__TRY IT__. Exactly reproduce the lines from the top of the entries below through the line containing "Gardinenstangen aus Metall", with both ends included.

(Collected data)
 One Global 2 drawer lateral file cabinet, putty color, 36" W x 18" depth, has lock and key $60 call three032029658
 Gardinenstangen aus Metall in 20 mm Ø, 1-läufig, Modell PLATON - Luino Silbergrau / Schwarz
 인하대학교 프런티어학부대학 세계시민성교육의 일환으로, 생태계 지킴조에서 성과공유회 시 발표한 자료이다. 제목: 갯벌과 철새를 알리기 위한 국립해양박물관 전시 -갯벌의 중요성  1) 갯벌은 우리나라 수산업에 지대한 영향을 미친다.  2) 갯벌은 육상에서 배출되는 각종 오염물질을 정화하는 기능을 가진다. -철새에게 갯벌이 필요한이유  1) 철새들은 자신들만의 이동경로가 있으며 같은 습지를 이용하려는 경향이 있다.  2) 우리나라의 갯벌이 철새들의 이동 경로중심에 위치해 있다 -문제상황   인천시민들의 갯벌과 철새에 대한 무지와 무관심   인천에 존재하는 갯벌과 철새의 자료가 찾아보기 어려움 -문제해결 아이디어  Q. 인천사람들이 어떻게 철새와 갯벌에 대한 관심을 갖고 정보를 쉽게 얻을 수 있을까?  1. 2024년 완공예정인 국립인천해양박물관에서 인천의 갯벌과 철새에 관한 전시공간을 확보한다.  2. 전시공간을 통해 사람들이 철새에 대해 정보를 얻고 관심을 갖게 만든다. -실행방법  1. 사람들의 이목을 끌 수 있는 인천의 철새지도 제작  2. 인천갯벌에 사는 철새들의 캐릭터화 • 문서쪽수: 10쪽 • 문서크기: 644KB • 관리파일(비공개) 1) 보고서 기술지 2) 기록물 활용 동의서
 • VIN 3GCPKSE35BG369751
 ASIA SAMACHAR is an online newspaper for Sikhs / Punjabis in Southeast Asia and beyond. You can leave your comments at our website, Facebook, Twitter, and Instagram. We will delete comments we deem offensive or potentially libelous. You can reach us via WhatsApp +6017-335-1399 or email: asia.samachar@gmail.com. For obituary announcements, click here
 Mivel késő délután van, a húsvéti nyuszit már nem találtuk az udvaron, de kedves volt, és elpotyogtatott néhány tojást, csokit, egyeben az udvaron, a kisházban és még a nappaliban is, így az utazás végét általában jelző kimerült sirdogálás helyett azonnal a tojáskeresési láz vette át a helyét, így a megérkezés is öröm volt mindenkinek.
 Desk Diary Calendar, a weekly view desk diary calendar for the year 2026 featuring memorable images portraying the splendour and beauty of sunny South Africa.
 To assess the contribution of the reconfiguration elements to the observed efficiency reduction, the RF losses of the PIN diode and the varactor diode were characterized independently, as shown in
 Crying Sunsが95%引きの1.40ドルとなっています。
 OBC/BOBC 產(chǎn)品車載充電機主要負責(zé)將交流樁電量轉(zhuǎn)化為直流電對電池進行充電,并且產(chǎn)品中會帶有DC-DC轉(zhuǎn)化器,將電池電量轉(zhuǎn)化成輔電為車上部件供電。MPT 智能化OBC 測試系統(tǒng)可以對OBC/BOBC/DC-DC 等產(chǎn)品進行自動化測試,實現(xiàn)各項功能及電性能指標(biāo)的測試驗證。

__EXPECTED OUTPUT__.
 One Global 2 drawer lateral file cabinet, putty color, 36" W x 18" depth, has lock and key $60 call three032029658
 Gardinenstangen aus Metall in 20 mm Ø, 1-läufig, Modell PLATON - Luino Silbergrau / Schwarz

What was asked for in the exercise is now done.